#  >  > Occult Discussion >  >  > Divination >  >  >  Odd happenings

## seastorm

Hey, I used to post here under the fractal flame, a long time without posting and forgetting my password while the site was under construction led to my having to create a new user name. In the time of my absence things have gotten...wierd. I have had multiple people approach me requesting readings and psychic assistance, people who would have no way of knowing that I do such things. I have even recieved an e-mail contact from an individual as far away as India whom I have never met. I am a member of the military and as such am required to remain clean cut and "normal" looking. I do not wear any sort of spiritual jewelery nor do I have any tattoos or clothing that would indicate my metaphysical bent. I do not post anything related to such things on any sort of networking site such as facebook or myspace and, due to my job, I do not live anywhere near the area where I grew up or anywhere where my practices are known. The fact that so many random people who don't know me have tracked me down for support of a magickal nature is strange to me and I was wondering if anyone here had had similar experiences.
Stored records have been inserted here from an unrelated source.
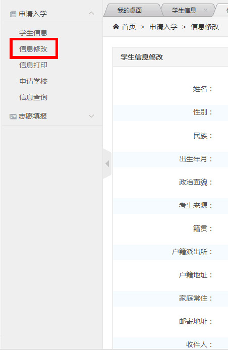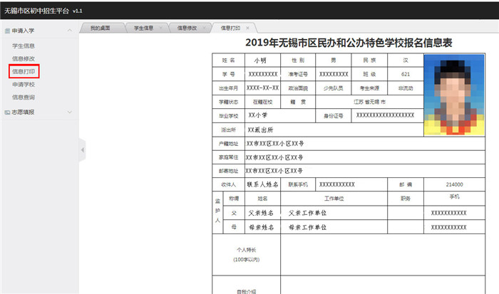 修改完成后,可以点击左侧“信息打印”打印报名信息表备用。
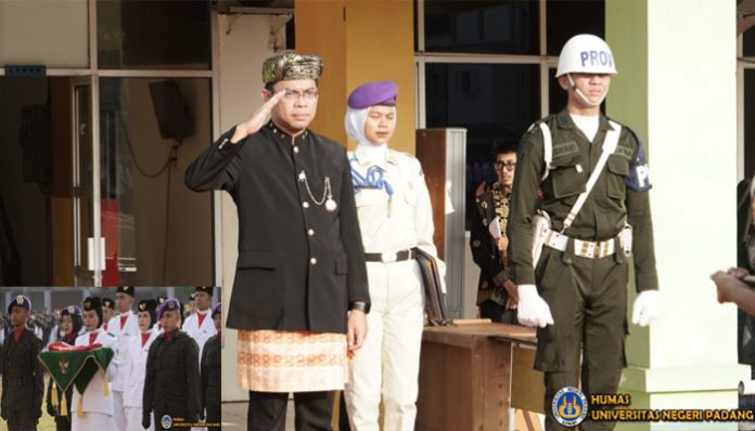 PADANGTIME.COM | Universitas Negeri Padang (UNP) menggelar upacara peringatan Hari Ulang Tahun Republik Indonesia ke-79 pada Sabtu (17/8/2024). Upacara yang berlangsung di lapangan atletik UNP tersebut dipimpin langsung oleh Rektor UNP, Krismadinata.
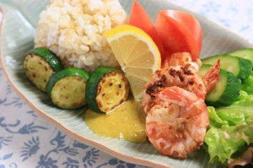 ガーリックシュリンプカレーソース ココナッツライス添え
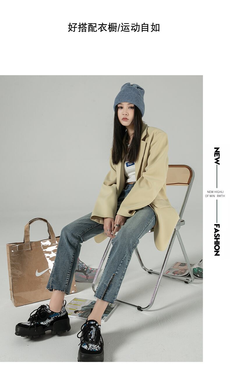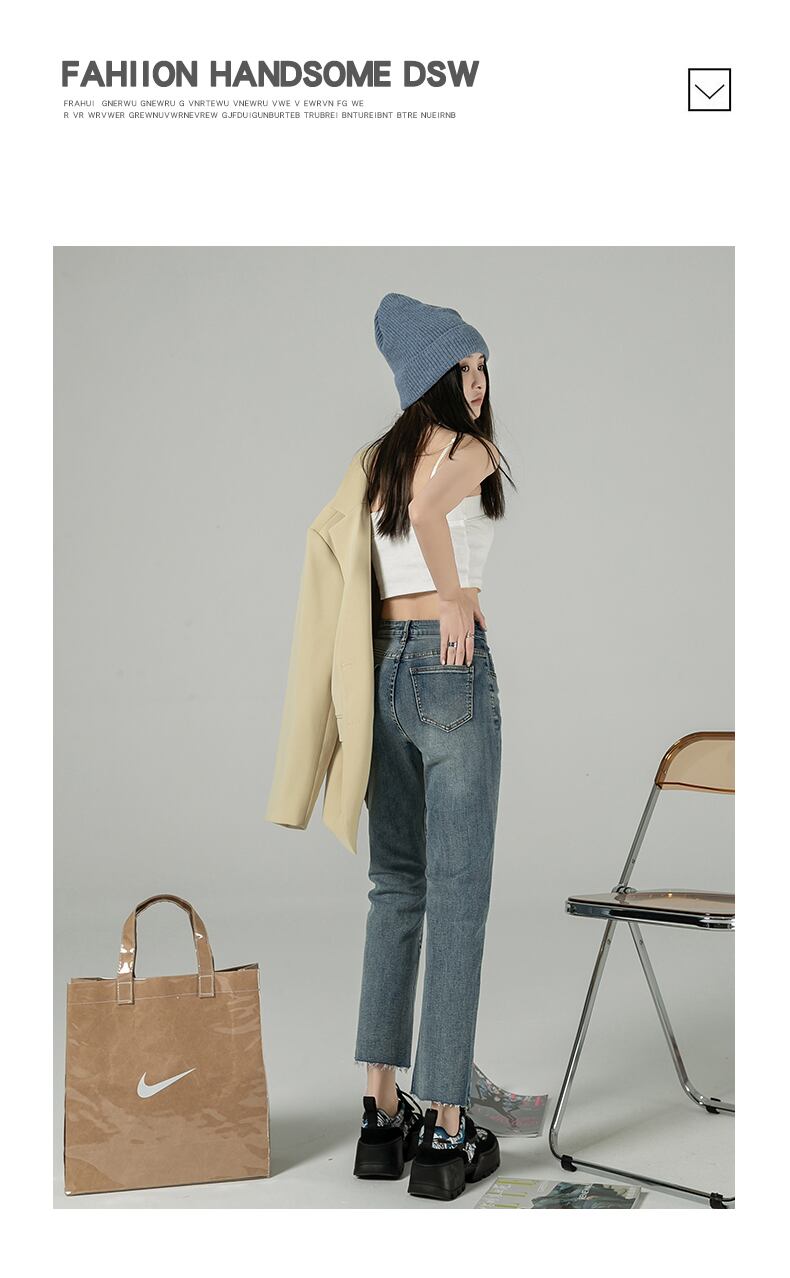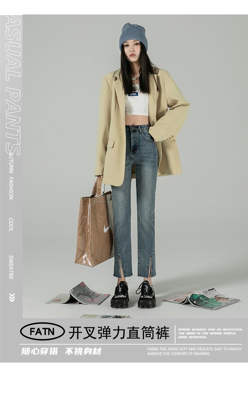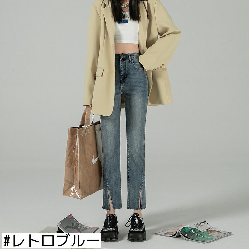 シックな香港スタイルのレトロジーンズ女性の2021年秋ルーズスプリットストレートハイウエストスリム9ポイントシガレットパイプパンツ ハイウェスト オータム 秋物 youqi13479104298

If there is a beacon I am setting off that I am not aware of could someone help me locate it lol?

----------


## Light

I think people can sense things without them knowing why or being aware of. You might have to be careful though , so you don't get drained and burned out from helping everyone. 
You might need to work out, how to create a barrier, if you start feeling overwhelmed. 

It is true I beleive, you do come accross in this life, with the ones that have been around in your past lives, espesially the last one, but remember, you have to keep that boundary clear, this is now and that was then and how you will choose to live your life in this one, is the key.

----------


## Light

> yes we can learn from the past but what is important is this life and what we do with it.


So true....

----------